4 de marzo de 2019

En febrero las plantas

Una madrugada de febrero soñé con “una chica enamorada sin ser correspondida, adherida al piso, recargando energía como si fuera un celular”. Eso es más o menos lo que anoté en el momento, rápidamente, para poder seguir durmiendo. La chica sufrida recibía la energía del piso, y yo me repetía las palabras horticultura y horticultor.

Así era la secuencia: horticultura… horticultura horticultura horticultor; así hasta que me despertaba, con ese versito en la boca (o en la mente). En el sueño yo contemplaba la escena parado, en cuero y en jeans, como si fuera una especie de jardinero de película noventosa, uno de esos tipos de pocas palabras, en principio personaje secundario pero quién te dice, posible héroe o asesino.

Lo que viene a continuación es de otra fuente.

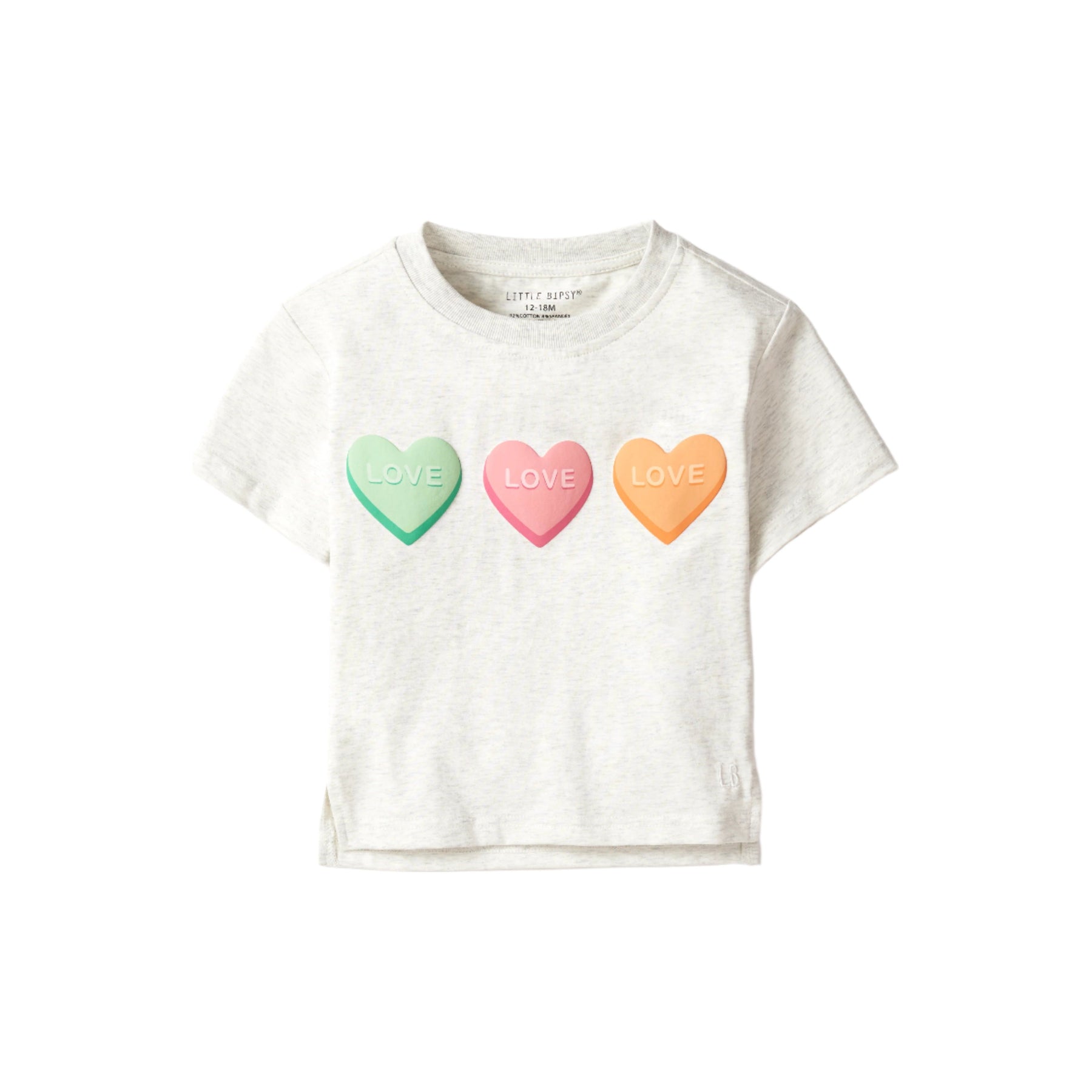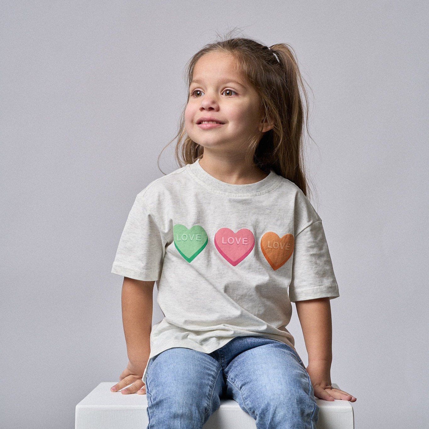 This playful Valentine's Day shirt brings together comfort and festive style, making it a must-have for your little one’s wardrobe. Crafted in a soft, Light Heather Grey fabric, it’s perfect for everyday wear or celebrating the season of love. The bold & bright puff print heart graphic adds a textured, three-dimensional pop of fun.

Cuando desperté a la mañana tuve que googlear la palabra horticultura porque casi que la desconocía; la asociaba vagamente con el cuidado de algo. Horticultura: cultivo en los huertos. Las plantas, pensé. Con mi novia habíamos estado unos días antes en un vivero, comprando nuevas macetas y tierra para trasplantar nuestras plantas, que no paraban de crecer. Esa misma tardecita habíamos hecho el trabajo. Luego de esta simple asociación diurna, la incógnita del sueño parecía resuelta, y olvidé a la chica por completo.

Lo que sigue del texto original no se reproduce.